By the way, the above, "Is it any wonder that no free-living organisms have been discovered with message tapes" (DNA molecules) "below '2 kilometres'" is another way of saying that the minimum DNA molecule for a free-living organism is the equivalent of a 2 kilometre computer paper tape (p.11). So how can non-living chemicals get from zero length to 2 kilometres computer paper tape equivalent before they can even begin self-replication (assuming they also have the tape feeder, tape reader and convertor of the 2-D digital instructions into a 3-D machine, which can then repeat the process)?
AN>Now I want to ask, can't they see that there is a vast sea of conflictions between these two claims? Do they expect that naturalistic methods somehow will be able to explain a magical pathway from self-replicators and RNA to a minimum life form with 1000 genes which is much much more complex than a hypothetical protocell?

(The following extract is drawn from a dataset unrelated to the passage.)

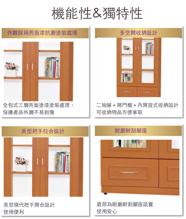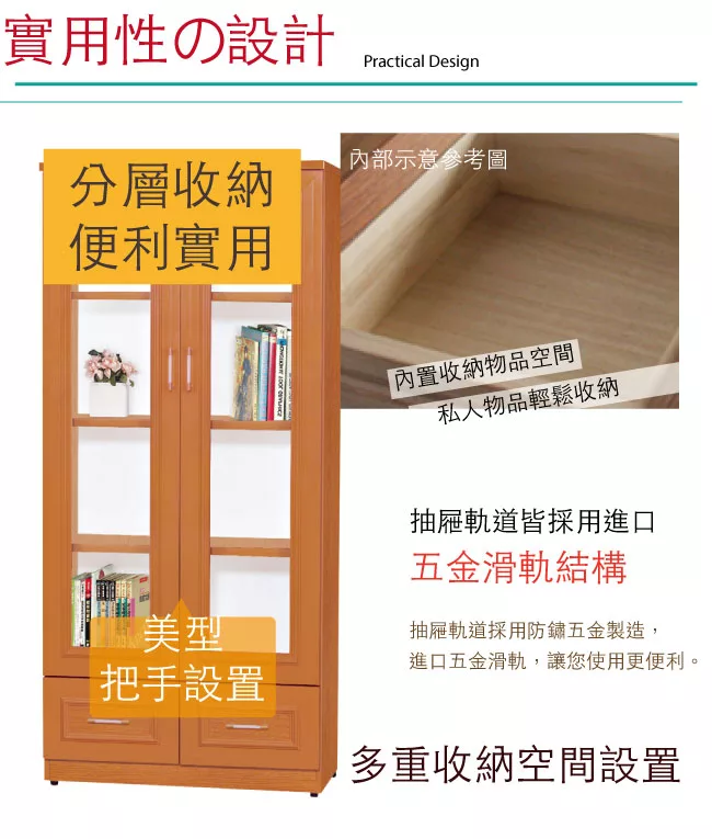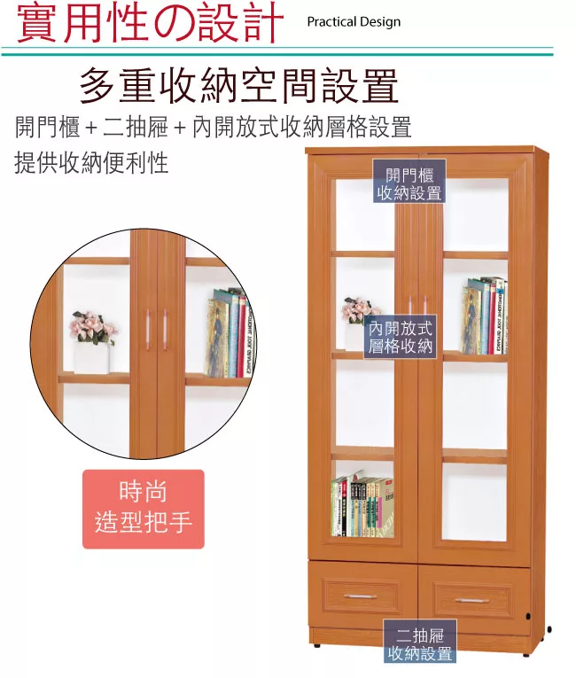 搭配二抽屜+開門櫃+內收納層格等便利設計

It is all decided at the metaphysical level. If 1) naturalism is true (which it isn't); and 2) we are here; then there simply must have been a naturalistic pathway from non-living chemicals to the first living cell. Actually finding that naturalistic pathway is not necessary. The Harvard chemist George Wald expressed this naturalist faith (actually I presume to the convinced naturalist it is more than a faith, it is a necessity - like 2 + 2 = 4 does not require faith):
"Organic molecules therefore form a large and formidable array, endless in variety and of the most bewildering complexity. One cannot think of having organisms without them. This is precisely the trouble, for to understand how organisms originated we must first of all explain how such complicated molecules could come into being. And that is only the beginning. To make an organism requires not only a tremendous variety of these substances, in adequate amounts and proper proportions, but also just the right arrangement of them. Structure here is as important as composition-and what a complication of structure! The most complex machine man has devised-say an electronic brain-is child's play compared with the simplest of living organisms. The especially trying thing is that complexity here involves such small dimensions. It is on the molecular level; it consists of a detailed fitting of molecule to molecule such as no chemist can attempt. ... One has only to contemplate the magnitude of this task to concede that the spontaneous generation of a living organism is impossible. Yet here we are, as a result, I believe, of spontaneous generation." (Wald G., "The origin of life," Scientific American, Vol. 191, No. 2, August 1954, pp.45-53, p.46)
Note that Wald can, because of "the magnitude of this task", "concede that the spontaneous generation of a living organism is impossible." Yet nevertheless he assumes it must have happened because: 1) "here we are"; and 2) naturalism is true.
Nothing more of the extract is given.